# ACT/Ronal/Gotti sx logos



## M.arco (Jan 8, 2013)

Hi all,

I'm a proud owner of brandnew 18" ACT (Ronal/Gotti) SX 3 piece wheels. There is only ons problem, the ACT logos (black/silver 3D) are missing. Does someone knows where I can get these?

This logo 4x (only logo, I have the centercaps):










These wheels:


----------



## LC6X (Nov 2, 2006)

Finding caps for these wheels is extreamly difficult. Mine had the ACT caps on them when I got them and I wanted to replace them with Ronal caps. I eventually gave up and had custom ones made. I still have my old ones in a box somewhere but I wasnt exactly careful when replacing them :banghead:


----------



## M.arco (Jan 8, 2013)

I find out that it was difficult . Were did you order the customs? Do you have some pictures? Could you also post some of the old ones?


----------



## LC6X (Nov 2, 2006)

I dont have any pictures of the ACT ones, but they are the exact ones you posted above.
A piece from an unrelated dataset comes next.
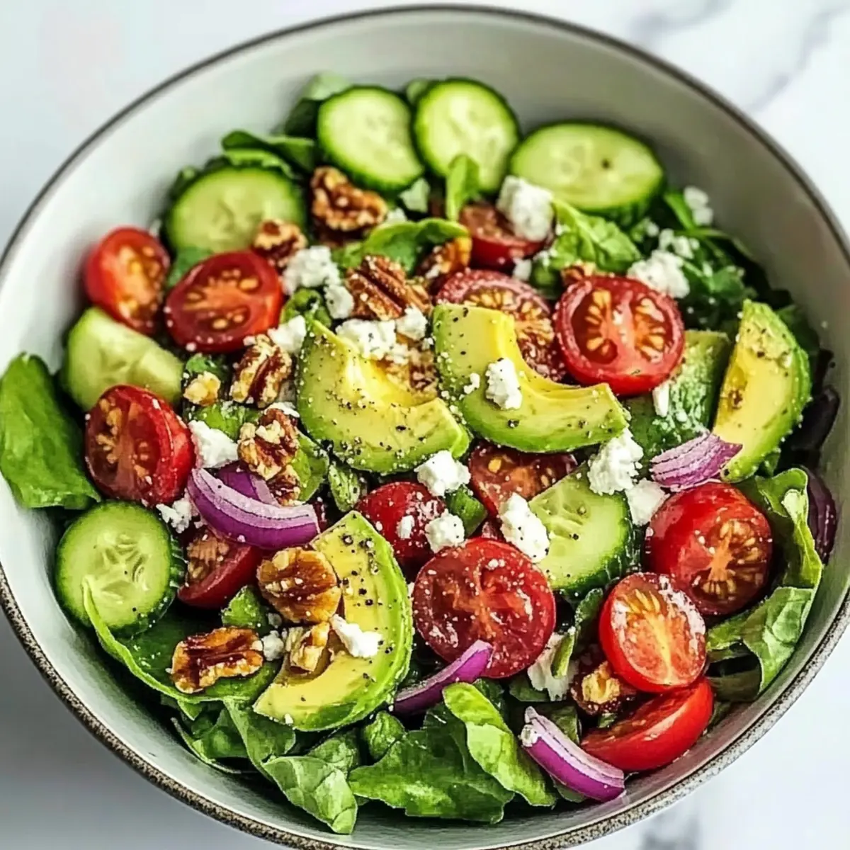 As I strolled through my garden, the vibrant colors of spring came alive, inspiring me to create something just as beautiful in the kitchen. Enter the Vibrant Spring Salad with Avocado, a dish that captures the essence of the season with its fresh ingredients and sunny flavors. This salad isn’t just a feast for the eyes; it’s also incredibly simple to prepare, making it perfect for quick lunches or as a lively side at dinner. With its delightful balance of creamy avocado, crunchy cucumbers, and tangy feta, you’ll find it becoming a staple in your healthy eating repertoire. Who knew embracing a wholesome lifestyle could be so delicious? Are you ready to elevate your meal with this fresh twist? Why is this salad a must-try? Freshness is the cornerstone of this vibrant Spring Salad with Avocado, capturing the essence of the season with every bite. Quick to prepare, it’s perfect for those busy weekdays when you want something healthy without the hassle. Versatile in nature, you can easily customize it with different greens or add-ins like quinoa for a protein boost. Crowd-pleaser potential is high, whether you’re serving it at a gathering or just for lunch. Nutrient-rich, this salad is packed with vitamins while being low in calories, and pairs beautifully with options like our Creamy Turkey Pasta with Peas or Spring Confetti Salad. Elevate your meals effortlessly! Spring Salad with Avocado Ingredients • Freshness at your fingertips! For the Salad Base Mixed greens – A crunchy foundation for freshness, substitute with kale or baby spinach for a different twist. Avocado – Adds creamy texture and healthy fats; ensure it’s ripe for the best flavor. Cherry tomatoes – A pop of sweetness; opt for glossy, firm ones for maximum juiciness. Cucumber – Provides a refreshing crunch; slice it on a diagonal for an enticing look. Red onion – Offers a sharp bite; soak slices in water to tone down the intensity if desired. For the Topping Feta cheese – Brings a salty tanginess; crumble right before serving for best texture. For the Dressing Olive oil – The heart of your dressing; choose extra-virgin for superior flavor. Lemon juice – Brightens the salad beautifully; always use freshly squeezed for optimal taste. Salt and Pepper – Essential for balancing flavors, adjust to your preference. The Spring Salad with Avocado is not just delicious; it’s also a celebration of what spring has to offer! Step‑by‑Step Instructions for Spring Salad with Avocado Step 1: Prepare the Salad Base In a large mixing bowl, combine a generous amount of mixed greens, diced ripe avocado, halved cherry tomatoes, and thinly sliced cucumber. Take a moment to admire the vibrant colors as you add in the chopped red onion, which adds a sharp bite. Toss everything together gently to distribute the ingredients evenly, taking care not to mash the avocado. Step 2: Add the Feta Sprinkle crumbled feta cheese generously over the top of your mixed salad. This salty and tangy addition enhances the overall flavor profile of your Spring Salad with Avocado. Use your hands or a fork to break up any large clumps and ensure the feta is evenly distributed across the vegetables, adding an appealing creaminess and texture. Step 3: Whisk the Dressing To create the dressing, grab a small bowl and whisk together high-quality extra virgin olive oil with freshly squeezed lemon juice, adding salt and pepper to taste. Aim for a light and tangy flavor that will brighten your salad. Allow the dressing to meld for about a minute before moving to the next step, creating a harmonious blend of flavors. Step 4: Dress the Salad Drizzle the freshly prepared dressing over your vibrant salad mixture, making sure to cover the greens and vegetables evenly. Gently toss the salad in a folding motion, ensuring all ingredients are coated without bruising the tender salad greens or smashing your creamy avocado chunks. Step 5: Serve Immediately Once tossed, your Spring Salad with Avocado is ready to be enjoyed! Transfer it to a serving bowl or plate, and savor the freshness of each ingredient. Aim to serve immediately to keep the textures vibrant and crisp, perfect for a refreshing meal or a colorful side dish at your next gathering. How to Store and Freeze Spring Salad with Avocado Fridge: Store any leftover salad in an airtight container in the refrigerator for up to 2 days. To maintain freshness, keep the dressing separate until ready to serve. Avocado Storage: If you have leftover diced avocado, sprinkle it with lemon juice to prevent browning, and store it in an airtight container for up to 1 day. Prepped Ingredients: If you want to prepare ingredients in advance, wash and store the mixed greens separately, and chop the vegetables, keeping them in the fridge for up to 3 days prior to assembling your Spring Salad with Avocado. Reheating: This salad is best served cold, so no reheating is necessary. Enjoy the fresh, vibrant flavors straight from the fridge! Expert Tips for Spring Salad with Avocado Use Ripe Avocado: Choose avocados that yield slightly to pressure for a creamy texture. Avoid browning by chopping them last. Don’t Over-toss: Gently mix your salad to avoid bruising the avocado and greens. You want to maintain their vibrant textures! Choose Fresh Ingredients: Opt for seasonal vegetables for the best flavor and nutrition. Freshness is key in this Spring Salad with Avocado! Dress Just Before Serving: Add dressing only when you’re ready to serve. This keeps the greens crisp and prevents wilting. Experiment with Add-ins: Don’t hesitate to try fresh herbs or protein additions like chickpeas for variety and added nutrition. Spring Salad with Avocado Variations Feel free to customize your vibrant Spring Salad with Avocado to suit your taste buds and dietary preferences! Dairy-Free: Swap feta for crumbled tofu or toasted chickpeas for a delightful change. The creaminess of the avocado pairs beautifully with the tofu’s texture! He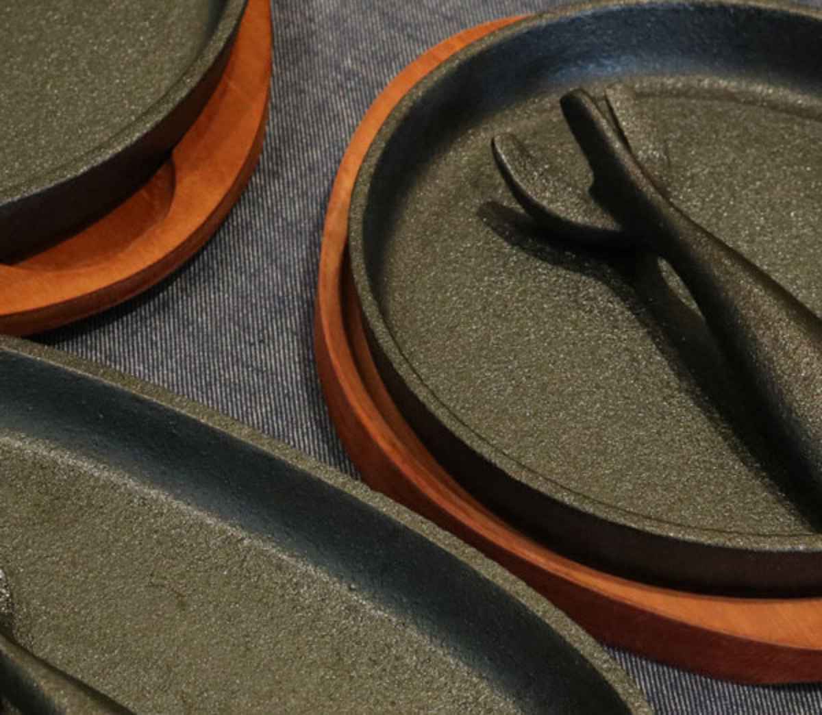 - ステーキ皿、ハンドル:鉄鋳物(焼付塗装) 木皿:天然木

I had mine made with Meister Werks and he did an amazing job. Have had them for about a year and they still look amazing If you hit him up let him know Mindy sent you :thumbup:


----------



## M.arco (Jan 8, 2013)

Nice! I allready found them at Google . I know à factory here in Holland, they produce doming stickers. But thanks for thinking . Custom 3D logos will be very difficult, so I found a really cool Gotti design (Same wheels). But Im still looking for the originals. Do you want to sell the old ones? Could u maybe make à picture?


----------



## M.arco (Jan 8, 2013)

No one?


----------